ENSURE

European Security Revisited


Research programme

Key issue

In response to profound geopolitical changes – suffice it to mention the war in Ukraine, the fraying transatlantic security guarantees, the growing systemic rivalry with China, or the war in Gaza – the law and governance of European security and defence are being adapted, in some cases very extensively, to meet the new realities.

Indeed, Europeans are leaving their peaceful comfort zone and entering the game of power politics – with all the legal, political, social, and industrial implications this move entails. Take, for instance, the recent coming of age of the European Union (EU): from being a normative power with some military activities, the bloc has scaled up its armament production and advanced to Kyiv’s biggest donor, ranking before the United States.

Similarly, Sweden and Finland have abandoned their neutrality policies to join NATO. And the Danes decided in a referendum to join the EU’s security and defence policy, ending an almost three-decade-old opt-out. Importantly, these changes are not temporary: they leave a long-lasting mark on the way European security and defence will unfold.

Objective and relevance

ENSURE’s purpose is to critically assess the significant law and governance adjustments to changing geopolitical realities, with a view to advancing academic knowledge and informing policy-making on the matter. The group has, hence, both an explicative-analytical and an interpretative-prescriptive goal: it traces the many (ongoing) changes to European security and defence and, based on this exploration, engages in a thorough governance study to gauge whether the legal and political adjustments weaken or strengthen governance arrangements and to flag necessary improvements.

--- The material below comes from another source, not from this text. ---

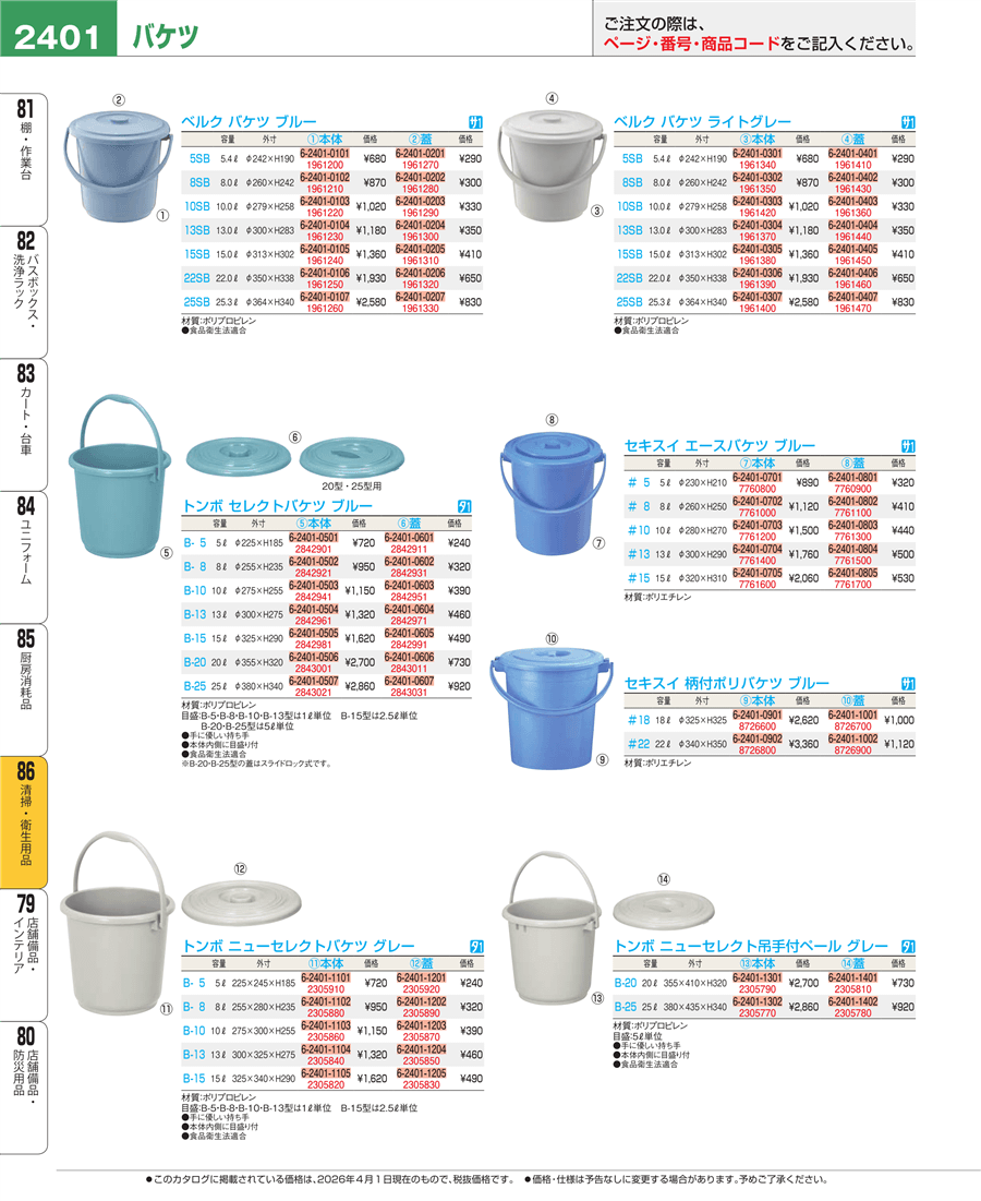 e26-7761000セキスイ エースバケツ ブルー #8 本体 8L PE上代 1,120円(税抜)

Research questions and strands

In line with its goal, the urgent overarching question that ENSURE seeks to answer is: What law and governance for European security in the new geopolitical era?

To respond to this question, the group’s research spans four complementary, inter-connected strands: democracy, accountability, diplomacy and capability.

To ensure analytical consistency, research across these strands unfolds along three cross-cutting dimensions, namely (a) actors and instruments (who does what, why, and on which basis?), (b) regulatory modalities and policy tools (which means are employed and to which end?), and (c) governance implications (does this strengthen/ weaken governance arrangements and is there room for improvement?).